Sapo cansado

quarta-feira, 20 de maio de 2015

O que faz o sapo pular, diz a lenda, é a necessidade. Cara gordinha, jeito folgado, perna cumprida, fica ali sentadão, por horas, em torno da luz, esperando um inseto dar mole...

Personagem comum aos contos de fada, sapos viram príncipes e alucinam princesas, os sapos estão por aí, cansados de serem negligenciados; pior, cansados de serem tratados como sapos.

Cada vez que uma crise se anuncia, renovam-se as esperanças, dentro de mim, de que esse monte de sapo espalhado por nossas lojas, empresas e repartições públicas pulem. Pulem pra fora na direção exata de empresas que consigam vê-los como príncipes.

A crise tem o poder de transformar sapos em príncipes e príncipes em sapos, ou seja, a crise inverte valores que jamais deveriam ter sido invertidos, vendedores voltam a ser vendedores, e consumidores, voltam a ser príncipes.

É claro e evidente que não são todas as lojas, vendedores e marcas que olham e creem que consumidores são como sapos cansados, mas vamos combinar, estes estão por toda parte.

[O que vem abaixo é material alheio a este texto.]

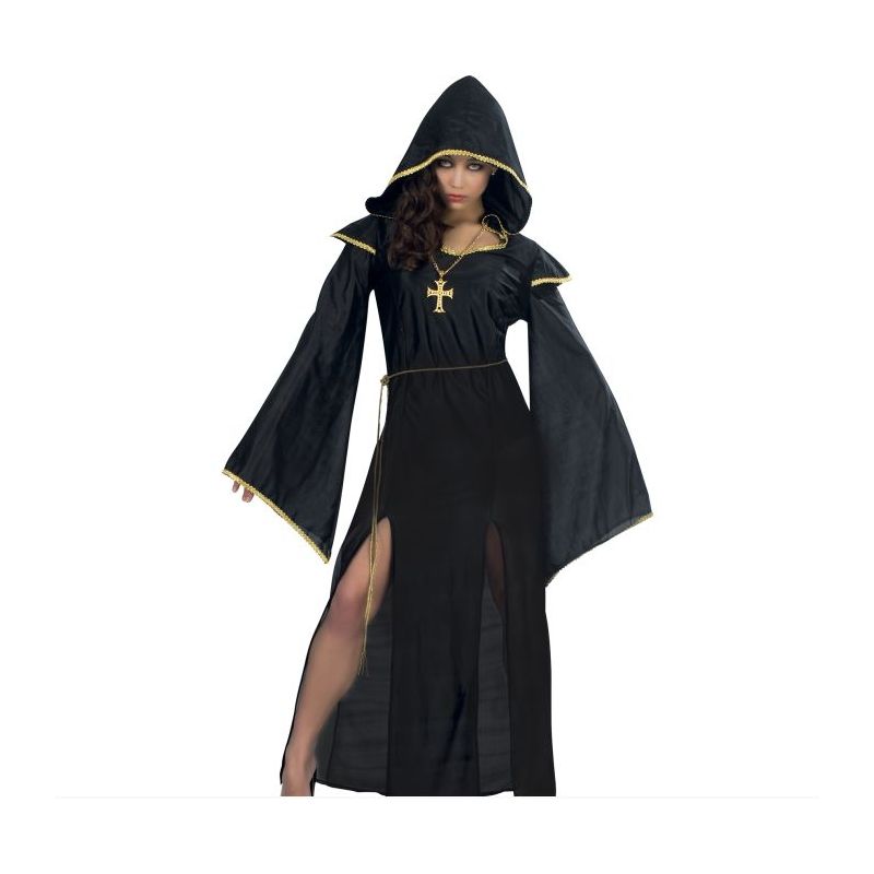 Disfraz de dama de la secta para mujer compuesto por vestido largo con capucha y cinturón. Disponible en talla única de adulto para mujer.
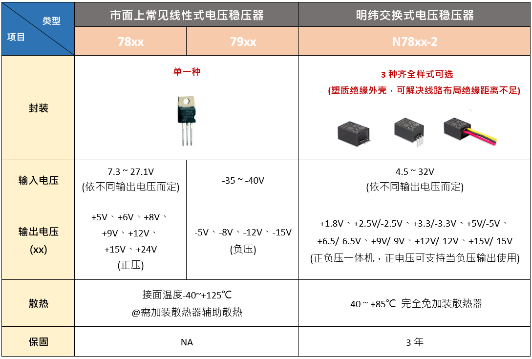 明纬继推出 1A 非隔离小尺寸高效交换式 DC-DC 稳压器 N78xx 系列后,新推出了更高电流 2A 机型:N78xx-2 系列,引脚与传统 TO-220 封装 78xx 与 79xx 线性低效电压稳压器完全兼容,可直接替换,使用 N78xx-2 最大好处是效率高达 96% 且不需额外加装散热器,可让系统设计者轻松解决低效热损问题非常适合内置于各类电子仪表、电源供应器、分布式电路系统…等。

Vendedores, processos, sites, procedimentos, pessoas, ainda tem muita coisa o que melhorar e se vivermos em estado de desenvolvimento, seremos sempre vítimas de nossa própria arrogância, achando que prosperamos por mérito e não por inércia do mercado. 

É indiscutível que muitos negócios, pessoas, sites e ven-de-do-res obtêm crescimento por pura inércia mercadológica ou ausência de concorrência, ou ainda por pertencerem a uma marca nacional mais forte que a gestão local ou a um domínio mais inteligente que a ergonomia do site, e é claro, um produto melhor que o intermediário de venda. 

Tudo isso ainda termina em bons resultados, quando o universo sopra a favor, mas quando o universo conspira negativamente ou vento sopra contra, aí, tudo muda...

A crise tem o poder de higienizar o mercado, a crise vai afetar mais fortemente todos os despreparados, os que não gostam do que fazem, os que se veem acima de quem é atendido, os que têm arrogância acima do cérebro, coração ou atitude, e a processos que tratem consumidores como mais um.

A crise apaga luzes e empurra naturalmente mais sapos para menos postes.

Na crise o dinheiro ganha valor, o que faz com que consumidores se sintam com mais valor e consequentemente exijam ser mais valorizados. Processos, pessoas e marcas precisam olhar para dentro e buscar respostas sobre o que elas estão fazendo no caminho de perpetuar um conceito onde o consumidor ganhe destaque e posicione-se acima de qualquer outro valor, inclusive, lucro de curto prazo.

Lojas ainda insistem em olhar para consumidores como mais um. Mesmo diante da milésima venda da empresa, a centésima venda do vendedor, é preciso atentar que esta pode ser a primeira compra do cliente, ou ainda pior, a terceira ou quarta do cliente, momento em que o cliente já tem maior segurança e parâmetros para lidar e, principalmente, reagir à má venda.

Vendedores, processos e marcas precisam cuidar do acolhimento do comprador e parar de acreditar que o consumidor pertence a eles. Consumidores são entidades livres, etéreas, que não podem ser presos, confinados, apenas atraídos. Eles sobrevoam e jamais pousam, assim cabe a nós agradá-los, jamais agarrá-los. 

Cadastros insuportáveis em lojas e sites, em vez de conversas de sondagem, ainda marcam o que deveria ser um “seja bem-vindo”, e assim consumidores são tratados como sapos em vez de príncipes. 

Quem ainda acredita que no conto de fadas o sapo que recebe o beijo é o vendedor ou a empresa, ainda não entendeu nada. Nós, que vendemos, temos por princípio fé e prazer em beijar sapos e transformá-los em príncipes, reis... Vossa alteza é, e sempre será, o consumidor e nada como uma crise para fazer o sapo pular, de loja em loja, de marca em marca, de vendedor em vendedor, em busca de beijos... Prepare seu batom, o sapo está pulando e cada vez mais.

“Roberto Mendes é publicitário, especialista em marketing pelo Instituto de Administração e Gerência da PUC/RJ, professor titular da Universidade Candido Mendes e sócio da Target Comunicação.”